• **Activity**
For the entries that follow, restate word for word the line containing "本次讲座的内容主要从初、高中", the line containing "2021年1-9月云南省商品房投資、施工、竣工、銷售分類占比", and every line that lies between them.

____ Supplied records

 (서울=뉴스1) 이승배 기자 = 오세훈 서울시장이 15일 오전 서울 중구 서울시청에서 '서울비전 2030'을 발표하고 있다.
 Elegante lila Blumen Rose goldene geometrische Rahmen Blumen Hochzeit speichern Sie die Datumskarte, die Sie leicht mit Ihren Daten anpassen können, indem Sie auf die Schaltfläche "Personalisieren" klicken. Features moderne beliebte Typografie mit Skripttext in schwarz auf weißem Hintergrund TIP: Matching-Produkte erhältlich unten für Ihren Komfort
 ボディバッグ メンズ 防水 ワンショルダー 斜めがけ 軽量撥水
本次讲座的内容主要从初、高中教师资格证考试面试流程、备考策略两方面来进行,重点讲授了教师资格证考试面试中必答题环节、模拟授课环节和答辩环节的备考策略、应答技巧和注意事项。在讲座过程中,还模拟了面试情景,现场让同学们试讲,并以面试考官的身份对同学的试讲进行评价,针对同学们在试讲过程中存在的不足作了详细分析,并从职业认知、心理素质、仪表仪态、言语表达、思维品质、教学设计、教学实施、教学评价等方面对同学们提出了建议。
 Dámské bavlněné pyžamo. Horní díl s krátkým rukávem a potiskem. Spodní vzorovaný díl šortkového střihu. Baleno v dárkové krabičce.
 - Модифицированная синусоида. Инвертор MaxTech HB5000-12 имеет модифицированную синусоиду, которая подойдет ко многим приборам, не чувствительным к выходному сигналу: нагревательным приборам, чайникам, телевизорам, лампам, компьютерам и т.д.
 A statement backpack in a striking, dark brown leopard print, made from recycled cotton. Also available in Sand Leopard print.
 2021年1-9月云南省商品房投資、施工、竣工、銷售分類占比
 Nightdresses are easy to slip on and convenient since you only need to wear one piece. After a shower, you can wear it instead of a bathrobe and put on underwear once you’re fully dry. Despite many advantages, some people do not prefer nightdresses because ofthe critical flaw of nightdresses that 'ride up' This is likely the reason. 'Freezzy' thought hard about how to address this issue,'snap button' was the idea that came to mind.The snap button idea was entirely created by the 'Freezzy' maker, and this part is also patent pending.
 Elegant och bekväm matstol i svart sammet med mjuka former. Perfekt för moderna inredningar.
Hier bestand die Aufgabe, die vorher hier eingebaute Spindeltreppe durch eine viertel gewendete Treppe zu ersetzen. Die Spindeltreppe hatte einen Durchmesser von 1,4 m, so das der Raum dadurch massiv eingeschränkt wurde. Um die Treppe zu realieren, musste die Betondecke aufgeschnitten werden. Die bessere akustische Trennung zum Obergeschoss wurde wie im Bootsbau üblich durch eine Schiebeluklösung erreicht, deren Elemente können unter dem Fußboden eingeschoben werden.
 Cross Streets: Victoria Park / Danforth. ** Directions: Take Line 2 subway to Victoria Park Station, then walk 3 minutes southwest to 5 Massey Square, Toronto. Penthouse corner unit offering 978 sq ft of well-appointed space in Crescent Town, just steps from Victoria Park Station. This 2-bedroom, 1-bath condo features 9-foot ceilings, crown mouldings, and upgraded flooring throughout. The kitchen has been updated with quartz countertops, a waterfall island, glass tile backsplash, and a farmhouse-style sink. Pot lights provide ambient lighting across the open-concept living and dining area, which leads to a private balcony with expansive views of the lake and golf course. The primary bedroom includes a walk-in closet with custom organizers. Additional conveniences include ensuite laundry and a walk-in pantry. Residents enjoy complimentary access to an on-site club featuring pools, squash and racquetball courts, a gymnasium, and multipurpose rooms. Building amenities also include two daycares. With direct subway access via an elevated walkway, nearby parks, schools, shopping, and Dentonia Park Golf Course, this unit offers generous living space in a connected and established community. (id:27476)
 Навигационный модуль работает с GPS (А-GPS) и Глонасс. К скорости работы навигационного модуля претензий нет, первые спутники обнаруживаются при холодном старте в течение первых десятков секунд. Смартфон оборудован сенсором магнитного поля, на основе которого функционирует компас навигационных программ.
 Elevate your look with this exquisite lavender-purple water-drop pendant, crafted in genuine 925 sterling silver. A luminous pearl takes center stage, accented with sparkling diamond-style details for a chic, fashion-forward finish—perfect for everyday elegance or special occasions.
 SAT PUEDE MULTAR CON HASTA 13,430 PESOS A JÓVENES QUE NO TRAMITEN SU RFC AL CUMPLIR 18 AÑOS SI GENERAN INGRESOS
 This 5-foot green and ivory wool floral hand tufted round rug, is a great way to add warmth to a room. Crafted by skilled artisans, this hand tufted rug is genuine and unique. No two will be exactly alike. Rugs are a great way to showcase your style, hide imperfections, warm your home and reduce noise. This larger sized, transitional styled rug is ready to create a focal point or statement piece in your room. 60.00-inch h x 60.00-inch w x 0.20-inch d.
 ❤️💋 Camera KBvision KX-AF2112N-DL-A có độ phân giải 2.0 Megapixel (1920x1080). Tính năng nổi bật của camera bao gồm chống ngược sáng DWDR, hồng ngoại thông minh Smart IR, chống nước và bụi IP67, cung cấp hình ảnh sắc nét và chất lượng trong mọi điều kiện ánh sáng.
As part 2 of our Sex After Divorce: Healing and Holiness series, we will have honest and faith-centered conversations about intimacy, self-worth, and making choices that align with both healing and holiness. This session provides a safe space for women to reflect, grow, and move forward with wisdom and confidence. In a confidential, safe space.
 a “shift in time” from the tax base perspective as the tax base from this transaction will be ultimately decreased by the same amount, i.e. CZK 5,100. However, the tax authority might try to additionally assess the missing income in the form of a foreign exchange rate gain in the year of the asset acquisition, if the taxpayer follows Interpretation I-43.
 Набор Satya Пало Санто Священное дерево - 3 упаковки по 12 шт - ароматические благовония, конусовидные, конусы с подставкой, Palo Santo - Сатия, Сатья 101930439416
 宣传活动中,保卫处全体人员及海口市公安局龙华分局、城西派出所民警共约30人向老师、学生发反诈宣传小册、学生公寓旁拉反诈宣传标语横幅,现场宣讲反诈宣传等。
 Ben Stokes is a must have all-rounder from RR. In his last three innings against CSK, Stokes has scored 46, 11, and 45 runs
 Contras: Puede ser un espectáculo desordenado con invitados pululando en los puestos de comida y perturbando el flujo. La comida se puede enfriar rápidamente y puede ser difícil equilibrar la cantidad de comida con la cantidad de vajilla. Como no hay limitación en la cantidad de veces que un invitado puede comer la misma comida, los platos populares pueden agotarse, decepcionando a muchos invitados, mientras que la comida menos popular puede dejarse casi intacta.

________

• **Answer for the task**
本次讲座的内容主要从初、高中教师资格证考试面试流程、备考策略两方面来进行,重点讲授了教师资格证考试面试中必答题环节、模拟授课环节和答辩环节的备考策略、应答技巧和注意事项。在讲座过程中,还模拟了面试情景,现场让同学们试讲,并以面试考官的身份对同学的试讲进行评价,针对同学们在试讲过程中存在的不足作了详细分析,并从职业认知、心理素质、仪表仪态、言语表达、思维品质、教学设计、教学实施、教学评价等方面对同学们提出了建议。
 Dámské bavlněné pyžamo. Horní díl s krátkým rukávem a potiskem. Spodní vzorovaný díl šortkového střihu. Baleno v dárkové krabičce.
 - Модифицированная синусоида. Инвертор MaxTech HB5000-12 имеет модифицированную синусоиду, которая подойдет ко многим приборам, не чувствительным к выходному сигналу: нагревательным приборам, чайникам, телевизорам, лампам, компьютерам и т.д.
 A statement backpack in a striking, dark brown leopard print, made from recycled cotton. Also available in Sand Leopard print.
 2021年1-9月云南省商品房投資、施工、竣工、銷售分類占比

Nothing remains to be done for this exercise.